One way around this is to convert your application URLs to end in a
slash prior to creating your mirror. You can do this by modifying the
url
function which can be found in
libraries/globals.php
or in
application/helpers/Url.php
in older versions of Omeka.
This issue
ticket has some more details.
Then your URLs will look like this:
https://archive.blackgothamarchive.org/items/
https://archive.blackgothamarchive.org/items/show/121/
and will be saved by wget as:
archive.blackgothamarchive.org/items/index.html
archive.blackgothamarchive.org/items/show/121/index.html
Then when someone comes asking for an old link like:
https://archive.blackgothamarchive.org/items/show/121
Apache will happily redirect them to:
https://archive.blackgothamarchive.org/items/show/121/
and serve up the index.html
that’s there. Whew. Yeah,
all that for a for a forward slash. But if links are important to you it
might be worth the code spelunking to get it working.
Do the Crawl
I’ve used wget for this in the past. It’s a venerable tool, that has been battle hardened over the years. It won’t execute JavaScript in your pages, but most Omeka applications don’t rely too heavily on that – it could be a problem if you use this approach to archive other types of sites.
The one problem with wget is it has many, many options, many of which interact in weird ways. Here’s an example wget command I use:
wget \
--output-file $log \
--warc-file $name \
--mirror \
--page-requisites \
--html-extension \
--convert-links \
--wait 1 \
--execute robots=off \
--no-parent $url 2>/dev/null
This is painful so I’ve developed a little helper utility I
call bagweb so I don’t
need to remember the options and what they do every time I want to
mirror a website. The --warc-file
option will also create a
WARC file as it
goes if you tell it too, which can be useful, as we’ll see in a second.
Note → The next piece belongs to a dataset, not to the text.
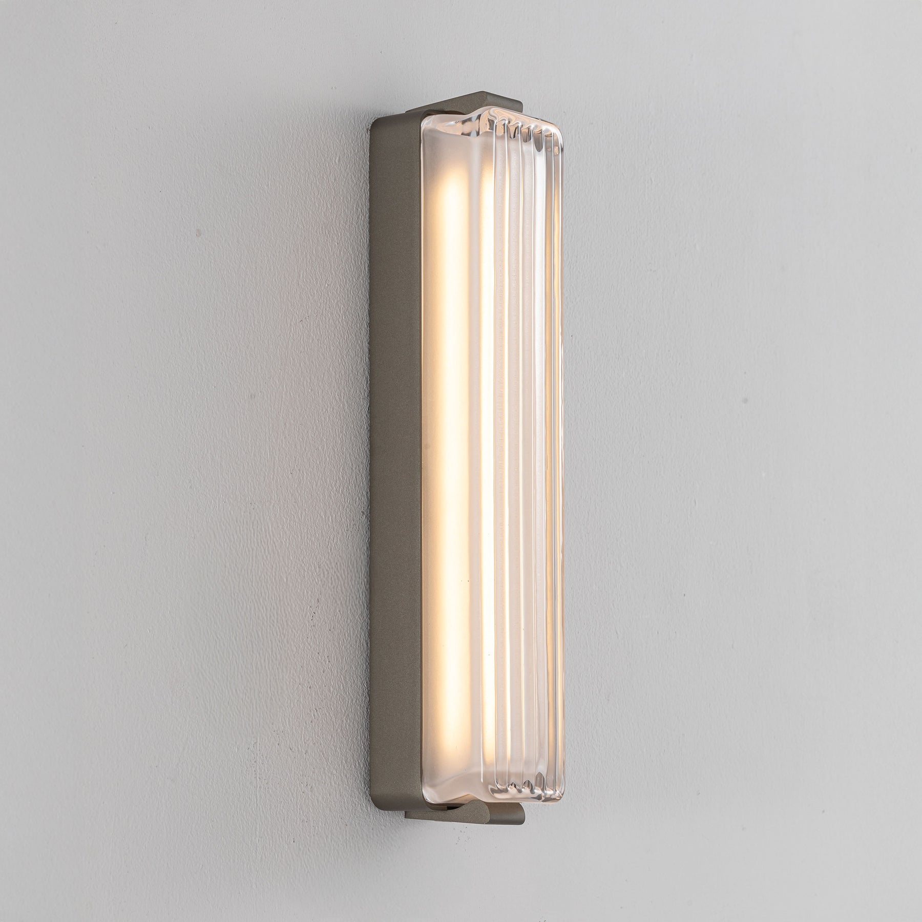 The Striato Wall Light extends the visual language of the Striato Series into vertical architectural surfaces. With a 310mm ribbed satin glass diffuser framed by a sleek gunmetal-finished structure, this sconce offers soft ambient illumination and a minimalist aesthetic.

You run bagweb giving it a URL and a name to use for a new directory
that will contain a BagIt package:
% bagweb https://archive.blackgothamarchive.org bga
This will run for a while writing a log to bga.log. Once it’s done you’ll see a directory structure like this:
% tree bga
bga
├── bag-info.txt
├── bagit.txt
├── data
│ ├── bga.warc.gz
│ └── archive.blackgothamarchive.org.tar.gz
├── manifest-md5.txt
└── tagmanifest-md5.txt
You can zip up that directory or copy it to an archive. But before we do that let’s test them.
Test!
You can unpack your mirrored website and make sure they work properly using Docker to easily start up an Apache instance on your computer:
% tar xvfz bga/data/archive.blackgothamarchive.org.tar.gz
% cd archive.blackgothamarchive.org
% docker run -v `pwd`:/usr/local/apache2/htdocs -p 8080:80 httpd
And then turn off your Internet connection (wi-fi, ethernet, whatevs) and visit this URL in your browser:
http://localhost:8080/
You should see your Omeka site! For extra points you can download Webrecorder Player and open the generated WARC file and interact with it that way.
Install
Now that you have your static version of the website you need to move it up to your production web server. That should be as simple as copying the tarball up to your server and unpacking it to a directory that your Apache configuration identifies as a <DocumentRoot>.
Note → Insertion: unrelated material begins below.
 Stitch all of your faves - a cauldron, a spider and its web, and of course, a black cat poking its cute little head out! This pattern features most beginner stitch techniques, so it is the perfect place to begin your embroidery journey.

You may also want to create a tarball of the Omeka server side code
and a MySQL dump of the Omeka database to save in your bag. It’s
probably worth noting some details about external dependencies in the
bag-info.txt
such as the version of Apache, PHP, MySQL and
the operating system type/version for anyone courageous enough to try to
get the code running again in the future.
So, admittedly this is hardly a walk in the park. But if the Omeka environment is at risk for whatever reason this is a pretty satisfying process that ensures that the data is preserved, and still available on the web for people to use.